Le chef de la branche aérienne des Gardiens de la Révolution d’Iran, qui dirige également son programme de missiles, a affirmé que le pays était en possession de missiles extrêmement destructeurs, comparables à la « Mère de toutes les bombes » américaines, la plus grande bombe non nucléaire au monde.

« Suite à une proposition de la Force aérospatiale du corps des Gardiens de la Révolution islamique, l’Organisation des industries de la défense d’Iran a fabriqué une bombe de 10 tonnes », a déclaré vendredi le général Amir Ali Hajizadeh pendant un entretien accordé à FARS, une agence de presse liée au régime.

« Ces bombes sont à notre disposition et peuvent être larguées depuis l’avion Ilyushin et elles sont très destructrices. »

Hajizadeh a décrit le missile comme le « père de toutes les bombes », le comparant à la bombe américaine GBU-43 Massive Ordnance Air Blast, ou MOAB, qui comprend 11 tonnes d’explosifs, surnommée la « mère de toutes les bombes » (dont les initiales sont également MOAB en anglais.)

En avril, l’armée américaine avait utilisé cette bombe en Afghanistan, tuant 36 personnes dans la destruction d’un large réseau de tunnels du groupe de l’Etat islamique.

Une bombe GBU-43/B, surnommée la Mère de toutes les bombes, exposée devant le musée de l'armement de l'Armée de l'Air, sur la base aérienne d'Ebulin, en Floride. Illustration. (Crédit : Fl295/domaine public/Wikipedia)

Une bombe GBU-43/B, surnommée la Mère de toutes les bombes, exposée devant le musée de l’armement de l’Armée de l’Air, sur la base aérienne d’Ebulin, en Floride.

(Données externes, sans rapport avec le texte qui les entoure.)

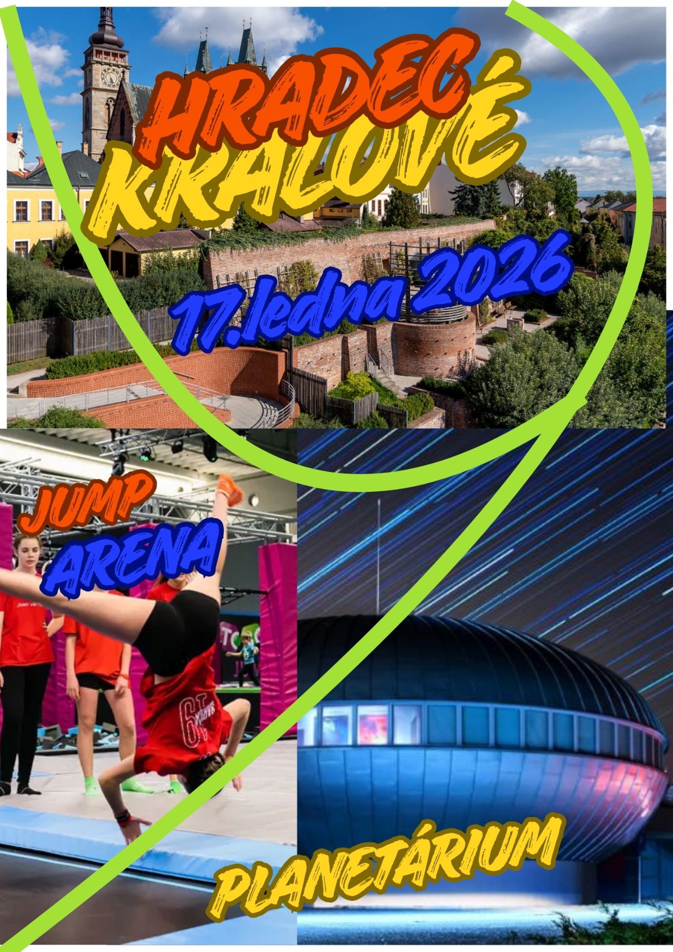 Těšte se na akcí nabitou výpravu do hlavního města Královohradeckého kraje. Navštívíme trampolínovou arenu a podíváme se do planetária kde nám mimo jiné promítnou film 3-2-1 Start. Sebou s vezměte jídlo a pití na celý den a protiskluzové ponožky, které je nutné mít do Jump areny. Pokud je nemáte dají se na místě koupit za 60,-Kč. Kapesné dle Vašeho uvážení
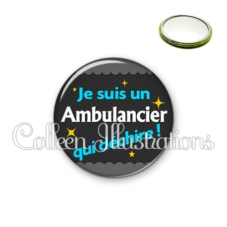 Miroir simple avec dos métallique décoré d'une image fantaisie et texte.

Illustration. (Crédit : Fl295/domaine public/Wikipedia)

Hajizadeh a dit à FARS que l’équivalent iranien de cette bombe permettrait à son pays de défier la coalition dirigée par les Etats-Unis en Irak et en Syrie.

« Les Américains, parmi d’autres, sont venus en Irak et en Syrie pour les désintégrer, mas ce qui finira par se produire, ce sera la volonté de l’Iran », a-t-il dit, faisant apparemment référence aux victoires du gouvernement syrien, soutenu par Téhéran, et des différentes milices chiites présentes dans les deux pays. « Je ne vois aucune armée au monde qui ne soit sur un pied d’égalité avec les Gardiens de la Révolution. »

Les propos d’Hajizadeh ont été tenus à un moment sensible pour l’Iran, où le président américain Donald Trump a signalé qu’il envisageait de se retirer de l’accord nucléaire de 2015.

Vendredi, H.R. McMaster, le conseiller américain à la sécurité nationale, a indiqué que l’Iran serait le principal sujet de discussion entre Trump et le Premier ministre Benjamin Netanyahu pendant leur réunion lundi, en marge de l’Assemblée générale des Nations unies.

Le président américain Donald Trump, à gauche, et le Premier ministre Benjamin Netanyahu au musée d'Israël, le 23 mai 2017. (Crédit : autorisation)

Le président américain Donald Trump, à gauche, et le Premier ministre Benjamin Netanyahu au musée d’Israël, le 23 mai 2017. (Crédit : autorisation)

« Même si leurs conversations porteront sur de nombreux sujets, nous attendons que le comportement déstabilisateur de l’Iran, notamment les violations de souveraineté de plusieurs pays du Moyen Orient, soit au cœur des discussions », a dit McMaster.

Netanyahu devrait présenter à Trump une stratégie pour annuler l’accord historique signé par l’administration de Barack Obama, ou pour l’amender.